From the
“
security by obscurity doesn’t work
”
files:
LAS VEGAS — Though Apple isn’t officially presenting at Black Hat, Apple is definitely in the crosshairs of security researchers.
In a session given by famous security researcher Petko D. Petkov, attendees were told about how a particular Apple QuickTime URI handling flaw was discovered. Petkov also gave the audience a tip, that there are plenty more Zero Day bugs to be found for other researchers who concentrate on looking at applications that will accept addresses that then trigger a file protocol URI function.
Ever heard of Mac OS X rootkits?
Neither had I, but I sat in part of a session in wish Jesse D’Aguanno talked about his MAC OS X rootkit called iRK. From the part of the talk that I saw it sure looked like the real deal to me, but of course to get a rootkit onto a Mac (to do whatever damage you want) you have to have root.
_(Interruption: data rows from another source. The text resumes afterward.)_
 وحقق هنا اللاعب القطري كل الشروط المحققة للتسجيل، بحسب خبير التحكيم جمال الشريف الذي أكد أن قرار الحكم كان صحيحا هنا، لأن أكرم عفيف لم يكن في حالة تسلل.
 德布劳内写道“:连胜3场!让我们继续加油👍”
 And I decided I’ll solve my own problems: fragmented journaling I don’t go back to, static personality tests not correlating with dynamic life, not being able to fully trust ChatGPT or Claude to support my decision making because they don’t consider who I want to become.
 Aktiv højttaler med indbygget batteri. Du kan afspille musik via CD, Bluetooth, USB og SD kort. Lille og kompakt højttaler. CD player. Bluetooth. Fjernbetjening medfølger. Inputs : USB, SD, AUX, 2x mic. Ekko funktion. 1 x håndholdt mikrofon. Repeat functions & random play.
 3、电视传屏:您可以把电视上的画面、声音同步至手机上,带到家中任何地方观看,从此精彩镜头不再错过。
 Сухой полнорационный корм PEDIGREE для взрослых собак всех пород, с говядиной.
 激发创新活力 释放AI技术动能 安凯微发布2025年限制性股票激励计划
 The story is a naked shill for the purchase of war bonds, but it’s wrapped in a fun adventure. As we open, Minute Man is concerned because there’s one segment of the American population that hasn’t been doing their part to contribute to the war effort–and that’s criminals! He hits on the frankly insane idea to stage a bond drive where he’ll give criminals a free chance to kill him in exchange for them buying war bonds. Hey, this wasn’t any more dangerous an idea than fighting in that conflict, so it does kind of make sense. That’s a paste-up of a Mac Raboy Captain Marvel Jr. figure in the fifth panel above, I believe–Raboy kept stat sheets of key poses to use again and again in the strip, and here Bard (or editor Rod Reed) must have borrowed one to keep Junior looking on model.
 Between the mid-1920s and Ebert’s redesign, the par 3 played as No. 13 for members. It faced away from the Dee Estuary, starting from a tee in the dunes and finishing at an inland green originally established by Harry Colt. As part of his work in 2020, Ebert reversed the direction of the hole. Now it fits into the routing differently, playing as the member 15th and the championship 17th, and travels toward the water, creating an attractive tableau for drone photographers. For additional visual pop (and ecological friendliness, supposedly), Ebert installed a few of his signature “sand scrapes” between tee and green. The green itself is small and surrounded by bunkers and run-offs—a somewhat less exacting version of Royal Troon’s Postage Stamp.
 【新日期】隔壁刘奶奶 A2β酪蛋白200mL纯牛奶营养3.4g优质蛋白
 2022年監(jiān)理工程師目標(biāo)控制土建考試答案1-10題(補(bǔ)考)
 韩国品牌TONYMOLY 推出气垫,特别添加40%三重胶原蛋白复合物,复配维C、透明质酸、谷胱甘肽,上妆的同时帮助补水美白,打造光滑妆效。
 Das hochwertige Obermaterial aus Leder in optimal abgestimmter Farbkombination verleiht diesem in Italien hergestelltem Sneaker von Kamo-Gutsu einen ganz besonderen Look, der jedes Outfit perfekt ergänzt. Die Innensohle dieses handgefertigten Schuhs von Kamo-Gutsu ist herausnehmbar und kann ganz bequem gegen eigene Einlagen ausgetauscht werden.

So I skipped out on the rootkit session halfway to sit in on another session about reverse engineering on the Mac OS X. Tiller Beauchamp and David Weston gave a revised version of their talk from Black Hat DC about using Dtrace as a tool for security research. This time out their tool is called Re:Trace and it’s in Ruby and targets the Mac.
“You can fuzz an application and easily find all the places that are
vulnerable to heap overflow,” Beauchamp said. “Then we could figure what parts would be susceptible
to arbitrary code execution.”
So no, there were no major exploits for Apple actually revealed at Black Hat, but it sure looks to me like researchers are looking.